Skilled Nursing Facilities

Managing Payer Rules at the Facility Level

Payer Rules define contractual requirements such as deductibles, liability, coverage limits, and coinsurance specific to a Payer.

Payer Rules can be edited if the incorrect options are selected. 

Note

Before configuring Payer Rules, Payers must be setup and a rate line created in Payer Rules and Rates to activate the Payer. 

  1. From facility > Admin > Setup > Payer Rules & Rate Schedules. 

  2. Click edit payer rules.

  • Does the Payer Cover Deductibles?- Select Yes or No.

  • Does payer have a Deductible/Liability? - Select Yes if the Payer reduces payment for a deductible or liability amount and complete the additional fields, otherwise select No.

    • Default Amount: - Type the amount if the amount is the same for all residents for the Payer. The default amount populates the same amount for all resident's for the payer in the resident's census. If resident's have a different amount, leave the field blank and you can type the resident specific amount in census entries.

    • Disallow Override of Amount - Select if you typed a Default Amount and do not want the amount to be overridden in resident census and rates.

    • Frequency: - Select from the list.

    • Method: - Select from the list.

    • Include Ancillaries in deductible: - Select the option if the Payer includes ancillaries when calculating the deductible/liability.

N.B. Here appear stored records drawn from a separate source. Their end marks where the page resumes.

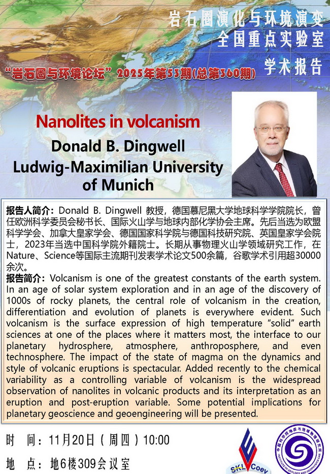 【11.20】岩石圈与环境论坛:Donald B. Dingwell 教授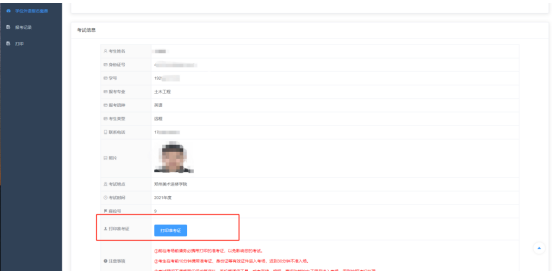 2、點(diǎn)擊“打印準(zhǔn)考證”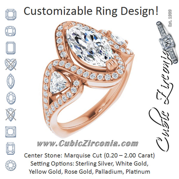Cubic Zirconia Engagement Ring- The Ana Miranda (Customizable Marquise Cut Center with Twin Trillion Accents, Twisting Shared Prong Split Band, and Halo)
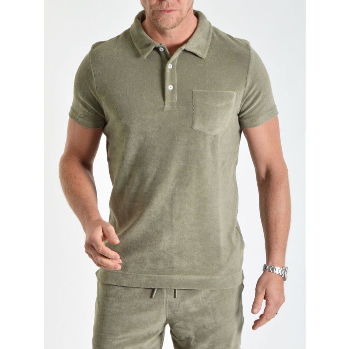 Khakigrön piké från Robbie Moor. Med lagom stor krage och tre knappar i halsen. Tillverkad i skönt frottématerial. Bröstficka och liten slits nedtill. Normala storlekar. Matchande shorts här! (På bild 187cm/87kg och strl L)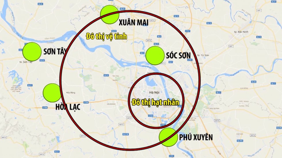 - Trung tâm hành chính, kinh tế, tài chính, du lịch, ngoại giao: Quận Tây Hồ, Quận Nam Từ Liêm, phía Đông Quận Bắc Từ Liêm, phía nam Quận Đông Anh, Quận Hà Đông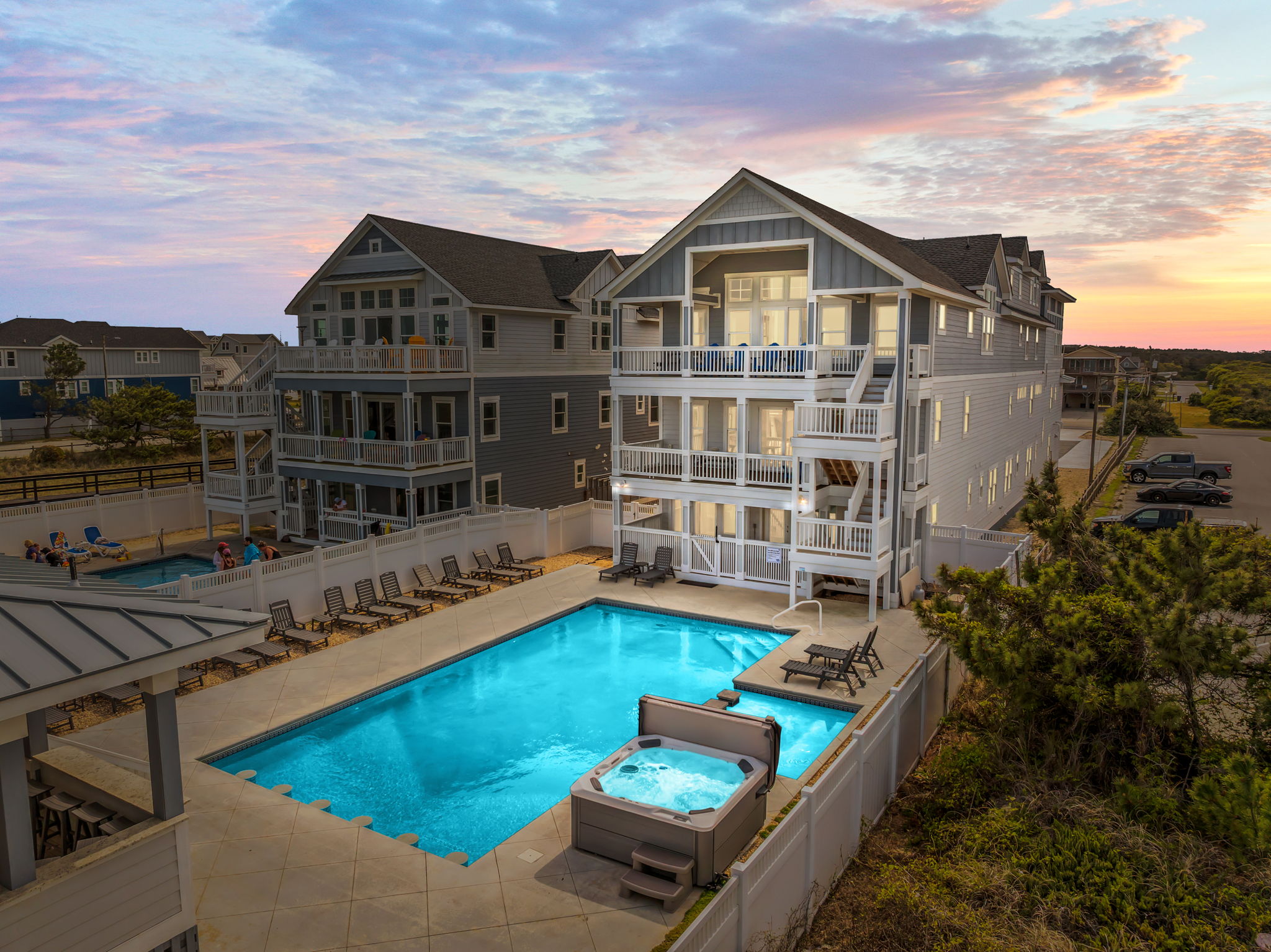 This is Shore To Please—A Luxury Portfolio Asset with Unbelievable Cash Flow. The sprawling four-level estate stands as one of the most impressive and profitable vacation homes on the North Carolina coast, offering 23 luxurious bedroom suites—each with its own private bathroom with custom tiled showers . The main house includes 21 bedrooms, while the separate pool house adds 2 more suites along with a comfortable sitting room with TV and a stacked washer/dryer. The property offers 25 full bathrooms and 3 half bathrooms. With 16 King beds, 6 Queen beds, 2 Queen-over-Queen built-in bunk beds, and 2 sleep sofas, it comfortably accommodates up to 52 guests. A Savaria elevator offers convenient access for guests, groceries and luggage. Interior amenities are designed for both guest enjoyment and operational efficiency. Highlights include a custom wine room with a unique wine barrel table, a large recreation room with a pool table, foosball, shuffleboard, a bar / kitchenette, and multiple TVs. A dedicated cinema room with terraced seating provides an excellent entertainment option. 30 Smart TVs with streaming are available in every bedroom, great room, rec room, theater room, and cabana. Echo Dots are in all bedrooms, supported by eight wireless access points for reliable connectivity. Fully equipped kitchens, six wine chillers, three refrigerators, four dishwashers and a Hoshizaki commercial ice machine add convenience, while the Demand Controller system and tankless water heaters improve energy efficiency and reduce operating costs. Outside, paradise awaits! The centerpiece is a massive 45’ x 21’ heated private pool with a spacious splash deck, perfect for cooling off or lounging in the sun. Two luxurious hot tubs add to the oasis—one on the pool house rooftop party deck offering sweeping ocean views, complemented with chaise loungers a picnic table and stainless cable railing. Multiple covered decks, some with direct bedroom access, plus an elevated dune deck, provide plenty of outdoor living space. Guests enjoy a private dune-top walkway to the beach, two outdoor showers, and multiple gas grills. With more than 22 parking spaces, the estate easily handles large groups. The views of the Atlantic surf are endless!...... Investment Highlights and Cash Flow Potential: What truly sets “Shore To Please” apart is its exceptional performance as a vacation rental investment. This property has consistently generated over $600,000 in gross rental income per year for multiple years, establishing a proven track record of strong revenue. By eliminating owner-use weeks and optimizing the rental calendar, annual gross income has strong potential to exceed $730,000. These figures translate into excellent net cash flow after typical operating expenses, thanks to high occupancy rates driven by its prime oceanfront location, large group capacity, and extensive amenity package. Full financial CASH FLOW ANALYSIS available. The combination of 23 en-suite bedrooms, resort-style amenities, and direct beach access creates year-round demand from large families, corporate groups, and special event guests. Low maintenance requirements, energy-efficient systems, and a turnkey operation further enhance profitability and minimize owner workload. In one of the Outer Banks’ most sought-after rental markets, this home delivers reliable, high—volume cash flow with significant appreciation potential. Shore To Please represents a rare opportunity to acquire a fully furnished, high-performing oceanfront asset with immediate income-generating capabilities. Whether as a primary investment property or part of a larger portfolio, it offers substantial returns through strong rental performance, operational efficiency, and a desirable location that supports consistent bookings and premium nightly rates.This estate provides the perfect balance of luxury accommodations and smart investment value in a premier coastal market. Offering both personal enjoyment and excellent cash flow!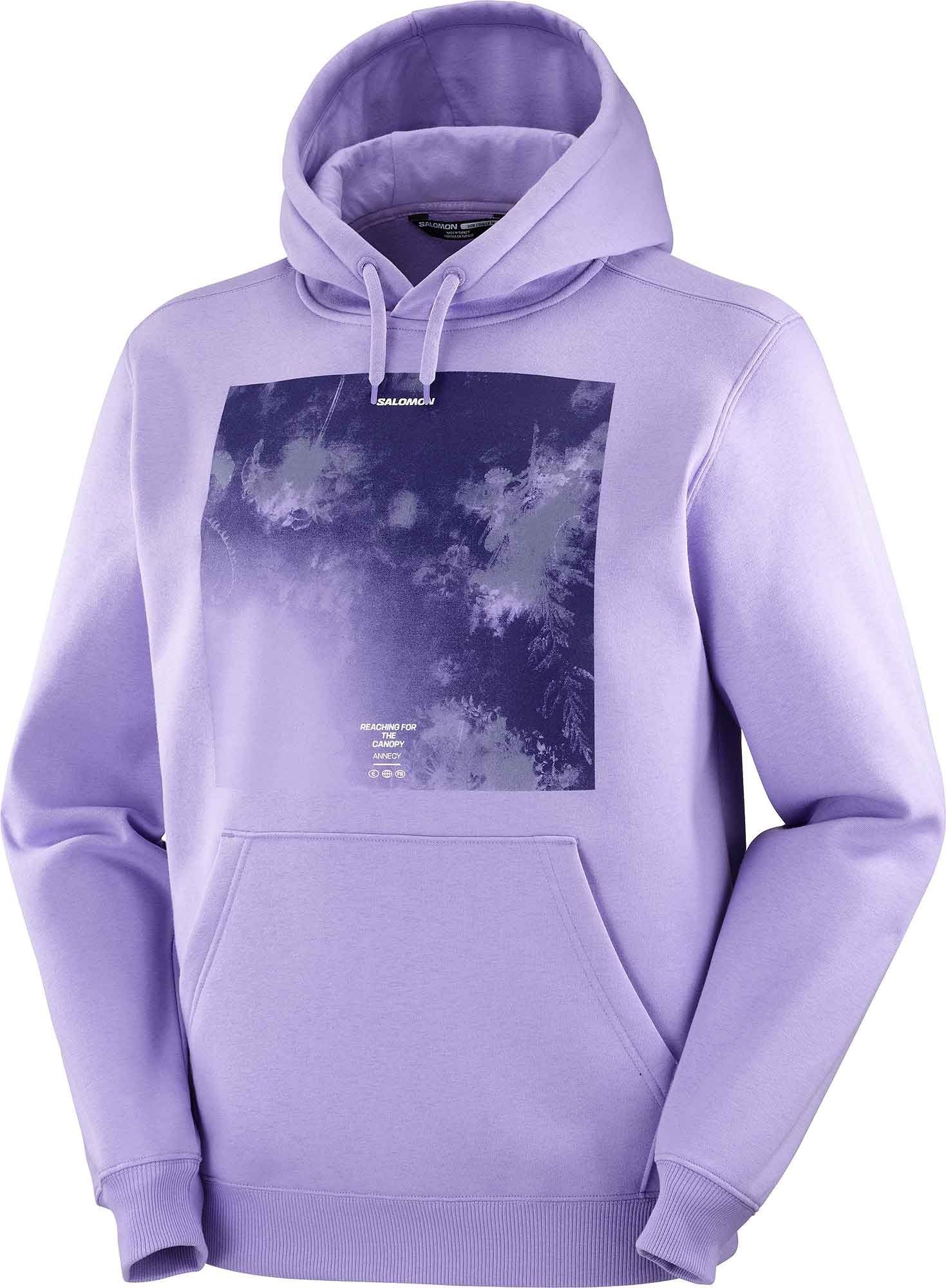 Sweat Salomon Canopy Hoodie Blue Granite femme en coton biologique 100 %, coupe standard douce et confortable. Motifs feuilles-nuages épurés, style sportswear citadin ou outdoor.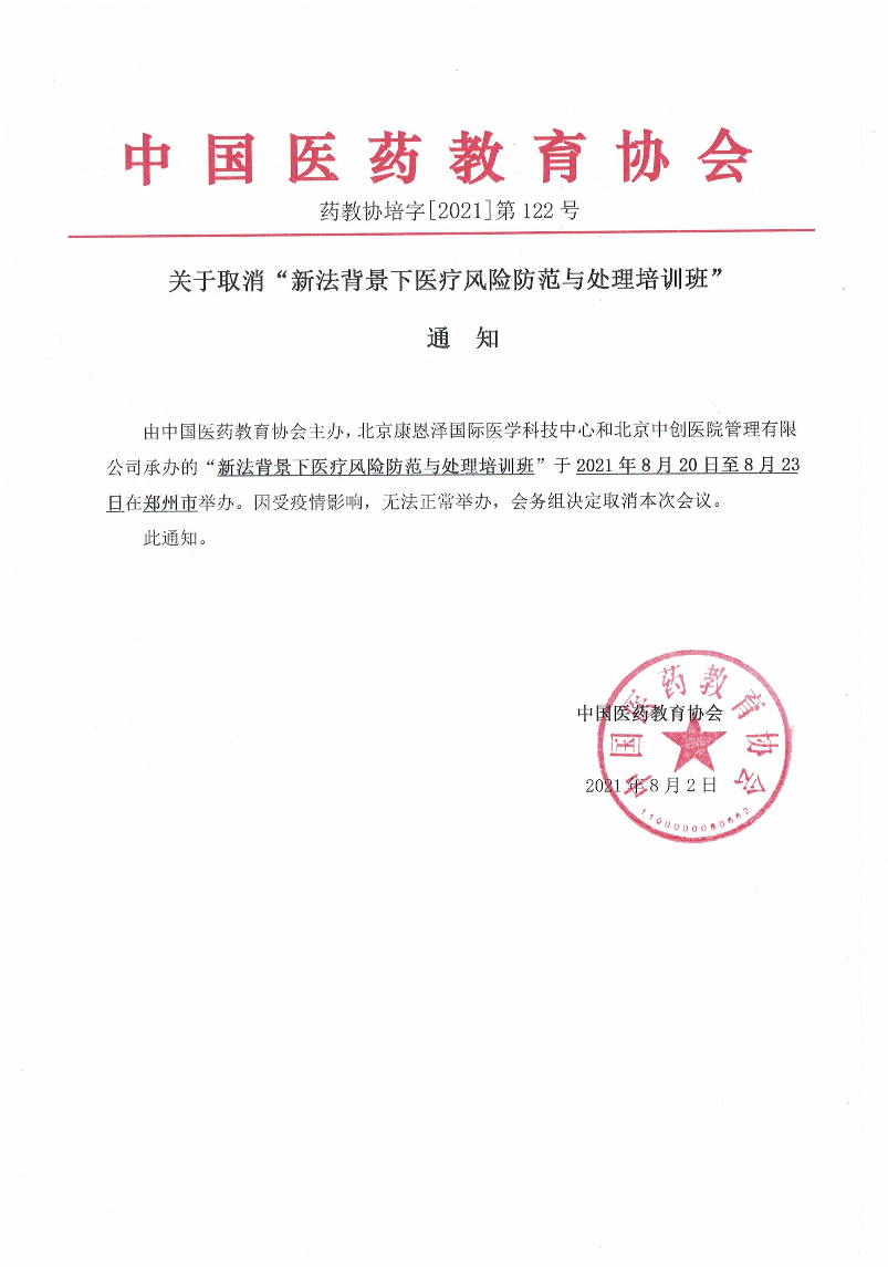| 药教协培字[2021]-第122号-药教协培字[2021]-第122号-新法背景下医疗风险防范与处理培训班取消通知 | |||||

  • Does payer have a Coverage Limit? - Select Yes if the Payer covers a maximum amount and complete the additional fields, otherwise select No.

    • Default Amt./Pct.: - Type the amount.

    • Disallow Override of Amount - Select if you typed a Default Amt./Pct amount and do not want the amount to be overridden in resident census and rates.

    • Frequency: - Select from the list.

    • Once Reached:

      • Pass to next Payer  - Select this option to split the billing between payers.

      • Write-off to:  -  Select the account from the list if a portion of the bill is not to be collected from the resident. For example, to reduce the charge for a subsidy.

    • Include Ancillaries in coverage limit: - Select to include ancillaries if the payer includes ancillaries in coverage limit.

    • Default Amt./Pct.:  - Type the coinsurance amount.

    • Disallow Override of Amount - Select if you typed a default amount and do not want the amount to be overridden in resident census.

    • Frequency: - Select from the list.

    • Select Valid Coinsurance Payers: - Select all of the valid coinsurance payers for the Payer.

    • Percentage:  - Type the percentage amount.

    • Account:  - Select the account to apply the reduction.

  • If Apply reduction to net reimbursement is selected, the reduction is applied to room and board when you generate transactions and ancillary charges within a batch.